* ASSIGNMENT *
In the entries below, find the line with "Sebanyak 12 judul" and the line with "Bakıda Azərbaycan Respublikasının"; reproduce those two lines and all lines between them exactly, without pictures.

* RECORD SET *

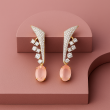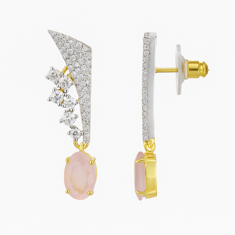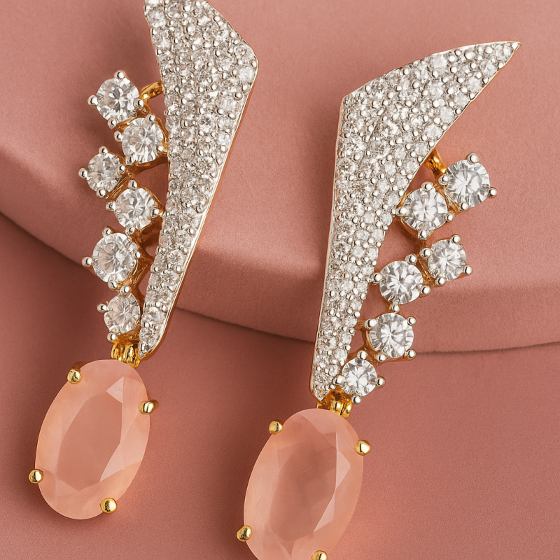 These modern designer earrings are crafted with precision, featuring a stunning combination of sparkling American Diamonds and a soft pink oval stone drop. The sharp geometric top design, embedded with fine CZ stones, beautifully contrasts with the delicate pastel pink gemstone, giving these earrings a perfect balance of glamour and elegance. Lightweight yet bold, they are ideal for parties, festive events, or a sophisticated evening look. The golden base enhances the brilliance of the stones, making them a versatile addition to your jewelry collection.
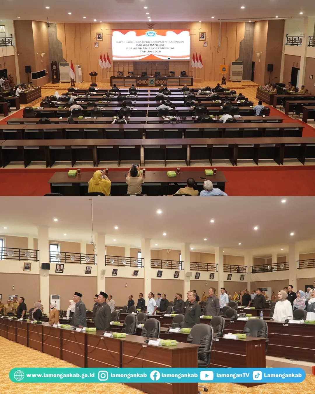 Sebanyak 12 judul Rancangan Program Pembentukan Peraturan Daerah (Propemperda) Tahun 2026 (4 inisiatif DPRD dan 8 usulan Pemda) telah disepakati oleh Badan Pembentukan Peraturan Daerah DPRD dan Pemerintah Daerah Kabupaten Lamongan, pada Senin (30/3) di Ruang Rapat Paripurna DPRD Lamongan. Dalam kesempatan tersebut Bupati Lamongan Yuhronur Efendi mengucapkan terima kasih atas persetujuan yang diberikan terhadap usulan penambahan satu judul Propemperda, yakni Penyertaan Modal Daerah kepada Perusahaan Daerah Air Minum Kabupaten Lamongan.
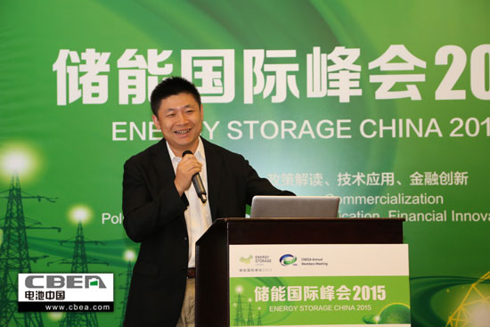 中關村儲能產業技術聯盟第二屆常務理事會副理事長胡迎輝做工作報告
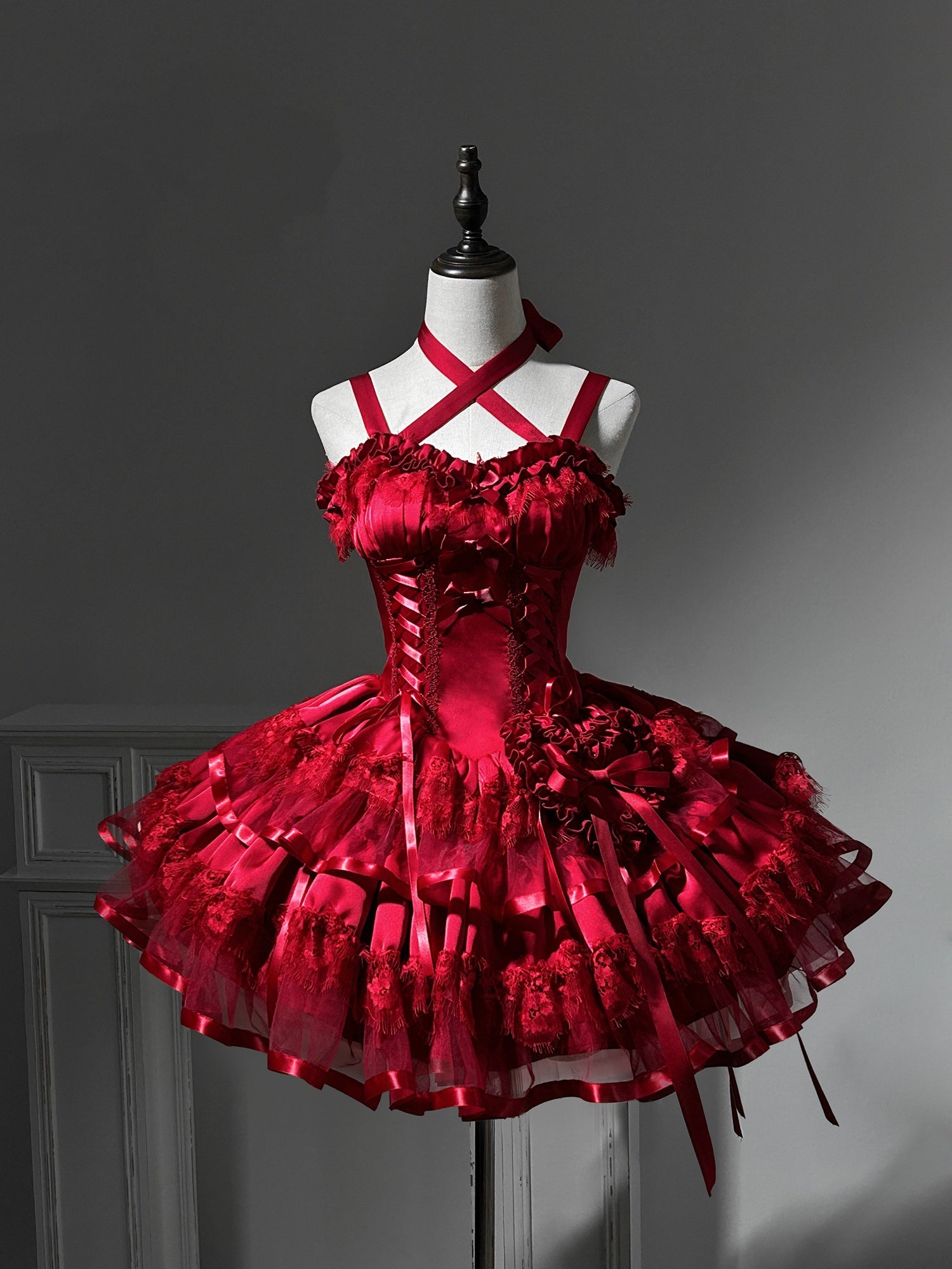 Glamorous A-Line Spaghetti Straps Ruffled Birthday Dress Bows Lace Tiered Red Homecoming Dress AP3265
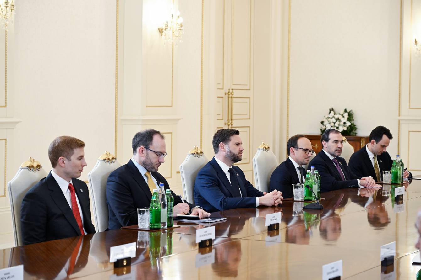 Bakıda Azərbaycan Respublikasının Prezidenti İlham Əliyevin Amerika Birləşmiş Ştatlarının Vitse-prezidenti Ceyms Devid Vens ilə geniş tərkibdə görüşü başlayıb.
---
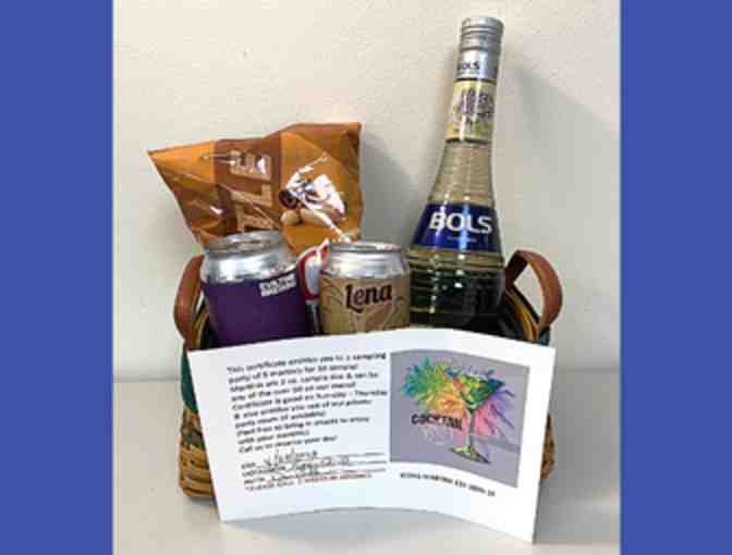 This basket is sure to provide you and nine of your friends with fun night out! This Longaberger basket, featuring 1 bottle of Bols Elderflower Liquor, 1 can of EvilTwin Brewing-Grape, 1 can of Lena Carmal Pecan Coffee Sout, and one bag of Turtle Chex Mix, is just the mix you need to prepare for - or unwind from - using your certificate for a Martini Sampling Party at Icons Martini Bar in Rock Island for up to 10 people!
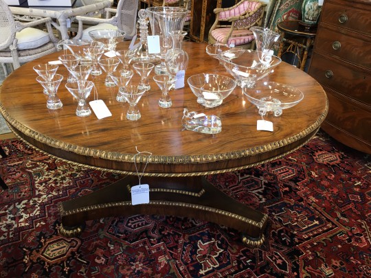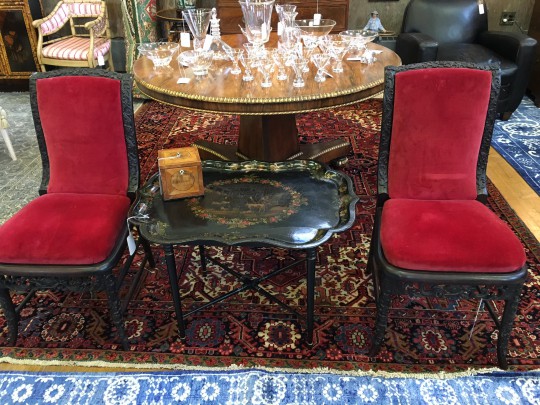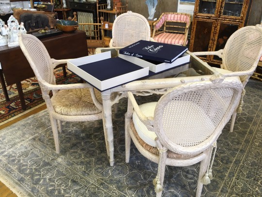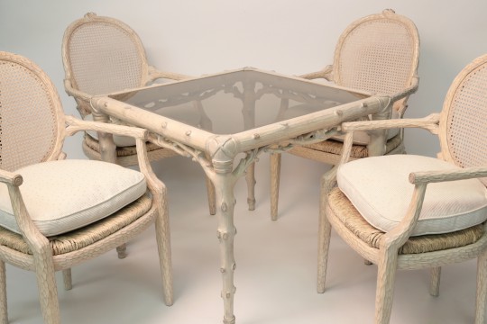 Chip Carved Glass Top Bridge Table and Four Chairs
--
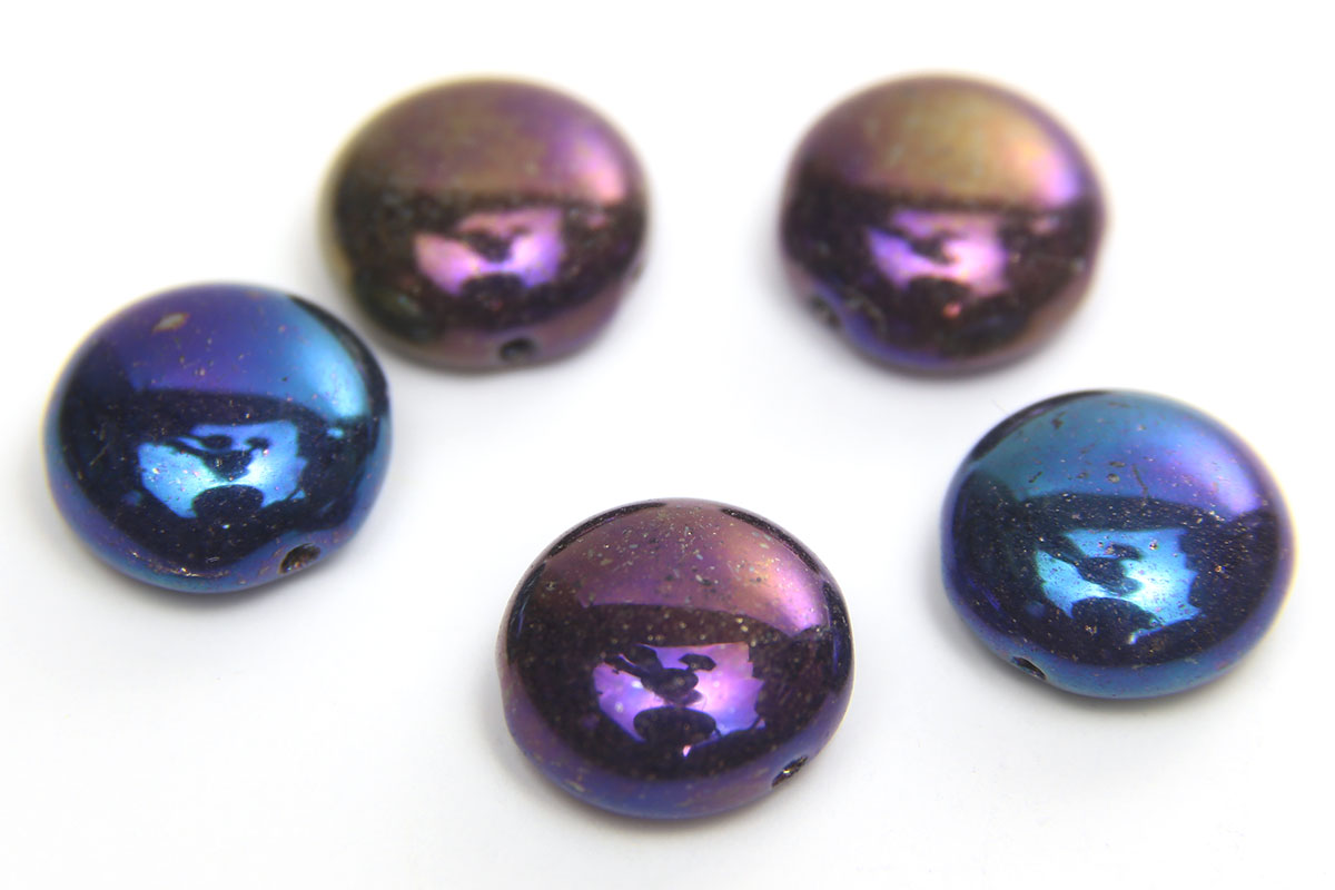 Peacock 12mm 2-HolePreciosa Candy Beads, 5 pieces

* RESPONSE *
 Sebanyak 12 judul Rancangan Program Pembentukan Peraturan Daerah (Propemperda) Tahun 2026 (4 inisiatif DPRD dan 8 usulan Pemda) telah disepakati oleh Badan Pembentukan Peraturan Daerah DPRD dan Pemerintah Daerah Kabupaten Lamongan, pada Senin (30/3) di Ruang Rapat Paripurna DPRD Lamongan. Dalam kesempatan tersebut Bupati Lamongan Yuhronur Efendi mengucapkan terima kasih atas persetujuan yang diberikan terhadap usulan penambahan satu judul Propemperda, yakni Penyertaan Modal Daerah kepada Perusahaan Daerah Air Minum Kabupaten Lamongan.
 中關村儲能產業技術聯盟第二屆常務理事會副理事長胡迎輝做工作報告
 Glamorous A-Line Spaghetti Straps Ruffled Birthday Dress Bows Lace Tiered Red Homecoming Dress AP3265
 Bakıda Azərbaycan Respublikasının Prezidenti İlham Əliyevin Amerika Birləşmiş Ştatlarının Vitse-prezidenti Ceyms Devid Vens ilə geniş tərkibdə görüşü başlayıb.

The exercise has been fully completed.